Treatment Roundup: July

July 1 – Chemo 16.21

We went to Monterey for two nights to give me a change of scene before radiation starts. Did a lot of walking yesterday (over 10k steps), which left me tired and sore.

Of course my phone, which rarely rings, decided to ring a lot while we were there. Call from Prudential at 7:40am to find out whether I intend to start work again next week. Then other calls and emails about that, turns out I need a release note that I’m ok to work, even though that was the date we’d all agreed on. If someone had told me this earlier…

Dr L wanted to see me before he would sign a note, did that this afternoon. Red cell counts back to normal, not sure what he said about white cells. BP 135/93 – high, for me. Neuropathy seems stable, possibly even improved, so Dr L said he doesn’t think it will get any worse from here.

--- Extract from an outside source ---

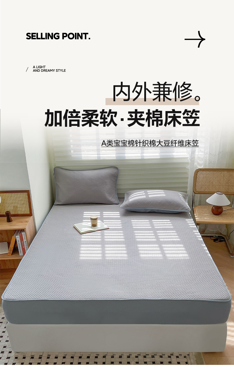 商品名称:莱登卡奴 2025新款A类宝宝棉针织棉大豆夹棉床笠 夹棉款-中灰

Dr L was surprised I wanted to go back to work so soon, said the earliest he’s ever seen is 6 weeks post-chemo, most people take 3 months. “Your employer must love you!” As I told him, depression is increasingly a problem, and I think it will be better for me mentally to have something besides cancer to think about. It’s likely that I’ll keep feeling better (slowly) until whatever side effects from radiation hit. But it’s probably going to be another two weeks before I even start radiation, and then I should have at least 2-3 weeks of manageable side effects.

Jul 6 – 16.25

Started work again today, was fairly productive for maybe half a day, then got very tired. Slept badly last night, which isn’t helping. Feet tingling a lot, sometimes have jabbing pains eg in sole of foot. Twice have had pain in my right 3rd and 4th toes. Is this neuropathy healing?

July 7 – 16.27

Slept better last night – ambien at night, only one cup of espresso during the day, and no alcohol. Still had hot flashes, but…

July 8 – 16.28

Went to a meditation class today, think it will be useful.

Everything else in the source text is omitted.